The exponential growth of data and internet of things (IoT) devices across government, industry and in homes, from logistics and manufacturing, to oil and gas, retail and even academia is ushering in an era of data abundance. In this ever-expanding, dynamic, and complex environment, it is increasingly vital to know the origin or the source of data – and whether this data can be trusted. Verifying data is increasingly tricky and therefore expensive. Deciding who or what will help with this process is trickier still. This matters because the world has become, not just interconnected, but also deeply intertwined, with mutual dependencies often at the heart of key infrastructure. Looking ahead, as we become even more reliant on data generated not just by people, but also by things, where the information is continually interpreted by AI and machines, the stakes are going to get higher. Systems will fail if they are not trusted. This is where data provenance comes in.

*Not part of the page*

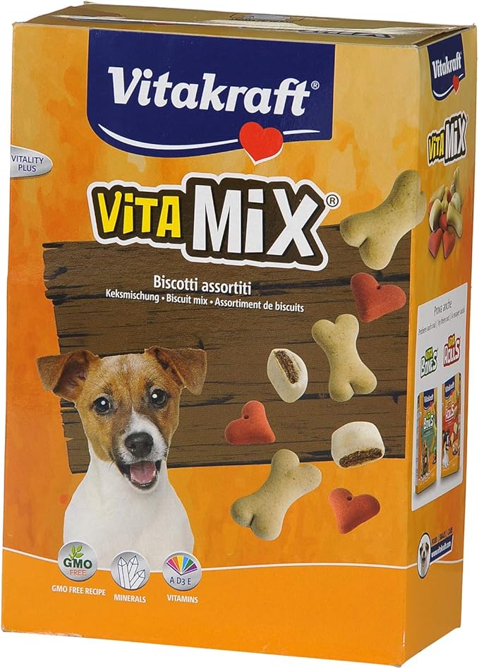 Описание: Микс из 3 хрустящих и вкусных печений. Они содержат витамины и минеральные соли и идеально подходят в качестве полезного и весёлого угощения или для утоления голода в течение дня. Печенье выпекается и упаковывается в пакет, сохраняющий свежесть, чтобы надолго сохранить хрусткость и насыщенный аромат. VitaMix 300 г Инструкции по приготовлению Ингредиенты Состав:, Злаки (80%, из которых цельнозерновая мука 17%), Мясо и производные (мясная смесь 3%), Сахара, Масла и жиры, Субпродукты растительного происхождения, Минералы, Овощи, Фрукты, Состав:, Злаки, Мясо и производные (4,5% говядина, 4,5% свинина, 4% птица), Субпродукты растительного происхождения, Масла и жиры, Минералы, Сахара, Рыба и производные, Состав:, Злаки (цельнозерновая мука 17%), Сахара, Масла и жиры, Субпродукты растительного происхождения, Минералы, Овощи, Фрукты Смотреть больше

Provenance is derived from the French word provenir, meaning ‘to come from’.Demonstrating provenance has long been a way of validating a work of art; and likewise, in digital libraries it can document a digital object’s lifecycle. Recording data provenance is important to confirm its authenticity or its origin, to enable it to be identified, reused and so maintain the integrity of the system.Data provenance shows the pedigree of the data – the record of components, inputs, systems and processes that affect collected data and provide historical context. It provides an understanding of where data comes from, how it is collected and how it can best be applied. It allows devices and systems to receive reliable updates and timely security upgrades and the algorithms used to power analytics and AI to be effective and trustworthy.In the IoT, cloud-based, just-in-time world we are busily constructing…data provenance is, well, nearly everything.

Although the principles behind the need to establish data provenance remains the same as that for physical objects, the nature of data presents specific challenges. As a ‘resource’ data is, for instance, different to traditional physical resources. Like knowledge and ideas, when data is ‘used’ it doesn’t get ‘used up.’ This means the same piece of data, such as the location or speed of a bus, can be used for multiple different purposes by multiple different parties – passengers, other road users, smart city networks and the varied public transport bodies just as much as the vehicle manufacturers and a whole host of suppliers. And,far from being a depleting resource, data is an accumulating one. This creates potentially vastly complex lines of provenance for a single data point,let alone the trillions we create each day. The implications and ramifications of these unique characteristics of data are vast; they up-end our notions we often see as fundamental such as the idea of ‘ownership’; they force us to challenge many of the assumptions that lie at the heart of economic analysis; they transform both the possibilities data creates and the dilemmas it generates; and they change relationships between stakeholders, be they individuals, communities, networks, organisations, government or wider society. This is why establishing provenance is so difficult.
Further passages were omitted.